What is the molecular formula of Glycerol Propoxylate Triglycidyl Ether?

The molecular formula of Glycerol Propoxylate Triglycidyl Ether is C21H38O9.

What are the synonyms of Glycerol Propoxylate Triglycidyl Ether?

The synonyms of Glycerol Propoxylate Triglycidyl Ether include SCHEMBL13310037 and 2,2'-(3,10-dimethyl-6-((2-(oxiran-2-ylmethoxy)propoxy)methyl)-2,5,8,11-tetraoxadodecane-1,12-diyl)dioxirane.

What is the molecular weight of Glycerol Propoxylate Triglycidyl Ether?

The molecular weight of Glycerol Propoxylate Triglycidyl Ether is 434.5 g/mol.

When was Glycerol Propoxylate Triglycidyl Ether created?

Glycerol Propoxylate Triglycidyl Ether was created on August 20, 2012.

When was Glycerol Propoxylate Triglycidyl Ether last modified?

Glycerol Propoxylate Triglycidyl Ether was last modified on October 21, 2023.

What is the IUPAC name of Glycerol Propoxylate Triglycidyl Ether?

The IUPAC name of Glycerol Propoxylate Triglycidyl Ether is 2-[1-[1,3-bis[2-(oxiran-2-ylmethoxy)propoxy]propan-2-yloxy]propan-2-yloxymethyl]oxirane.

What is the InChI of Glycerol Propoxylate Triglycidyl Ether?

The InChI of Glycerol Propoxylate Triglycidyl Ether is InChI=1S/C21H38O9/c1-15(24-9-19-12-28-19)4-22-7-18(27-6-17(3)26-11-21-14-30-21)8-23-5-16(2)25-10-20-13-29-20/h15-21H,4-14H2,1-3H3.
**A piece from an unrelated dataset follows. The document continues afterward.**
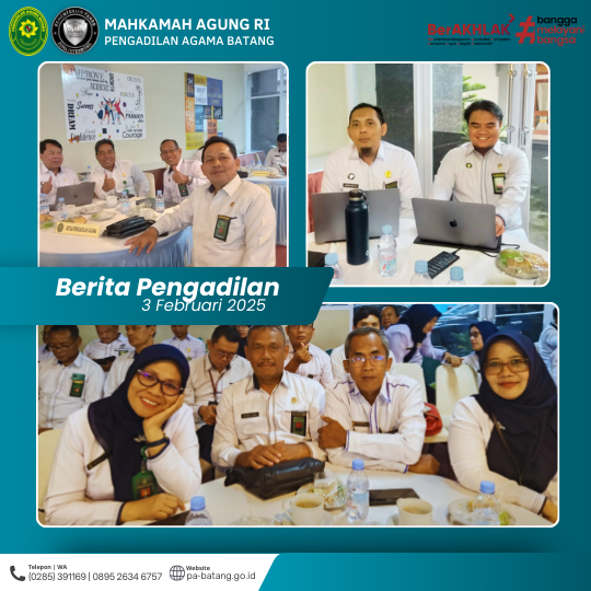 Pengadilan Agama Batang diwakili oleh Ikin, S.Ag., selaku Ketua, Sri Paryani Sulistyowati, S.Ag., selaku Panitera, dan Widodo Arif Wicaksono, S.Kom., S.H., selaku Sekretaris. Kehadiran mereka menunjukkan komitmen dalam mendukung sinergi dan koordinasi yang berkesinambungan di lingkungan peradilan agama Jawa Tengah.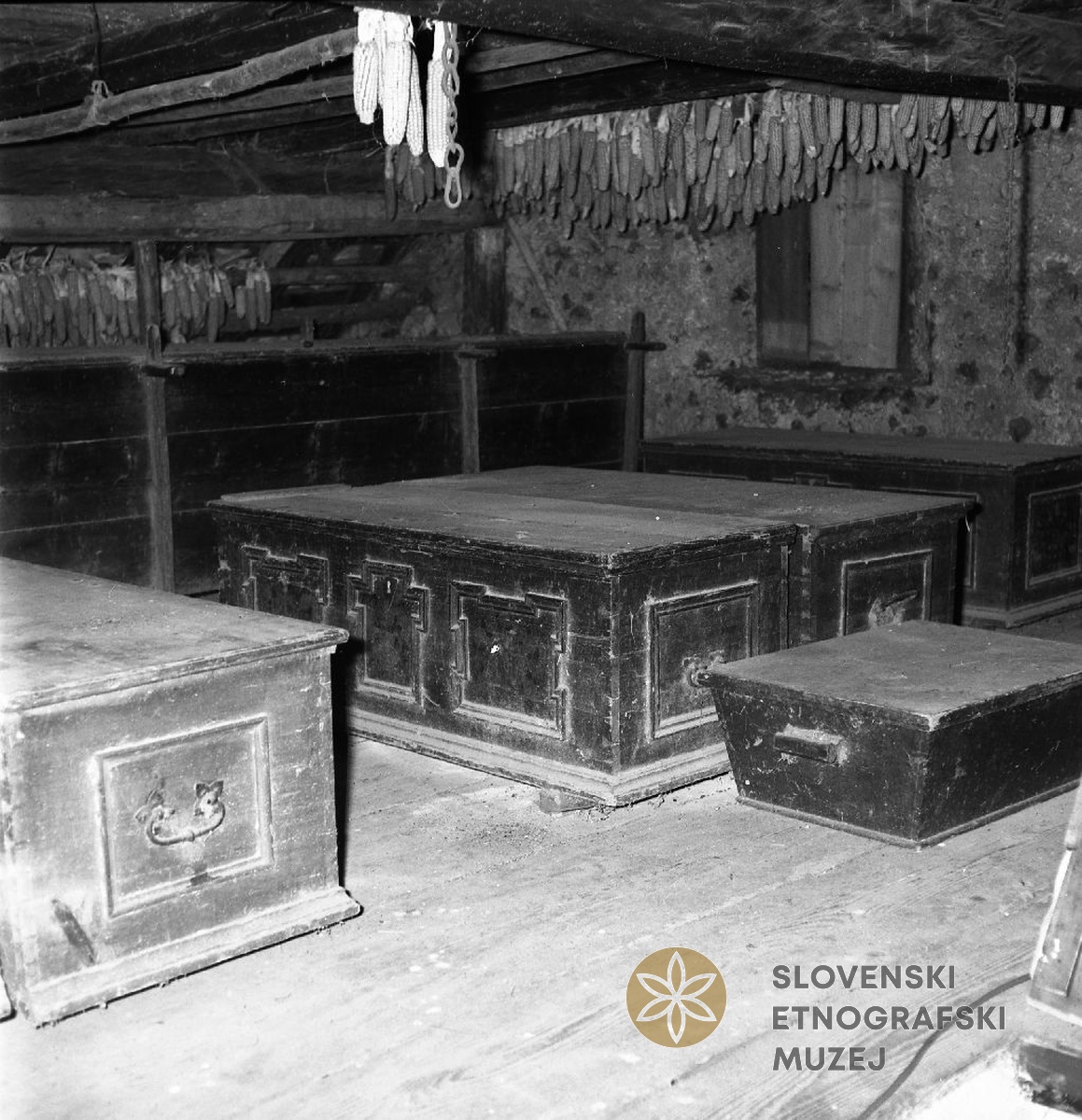 Odložene skrinje na podstrehi, pri Francu Žmitku, Bohinjska Bela 54. Teren 26 - Alpska hiša -...

What is the InChIKey of Glycerol Propoxylate Triglycidyl Ether?

The InChIKey of Glycerol Propoxylate Triglycidyl Ether is HAZWONBCJXKAMF-UHFFFAOYSA-N.

What is the canonical SMILES of Glycerol Propoxylate Triglycidyl Ether?

The canonical SMILES of Glycerol Propoxylate Triglycidyl Ether is CC(COCC(COCC(C)OCC1CO1)OCC(C)OCC2CO2)OCC3CO3.

What are the computed properties of Glycerol Propoxylate Triglycidyl Ether?

The computed properties of Glycerol Propoxylate Triglycidyl Ether include a molecular weight of 434.5 g/mol, XLogP3-AA of -0.2, no hydrogen bond donor count, 9 hydrogen bond acceptor count, 20 rotatable bond count, an exact mass of 434.25158279 g/mol, a topological polar surface area of 93Å², and a heavy atom count of 30.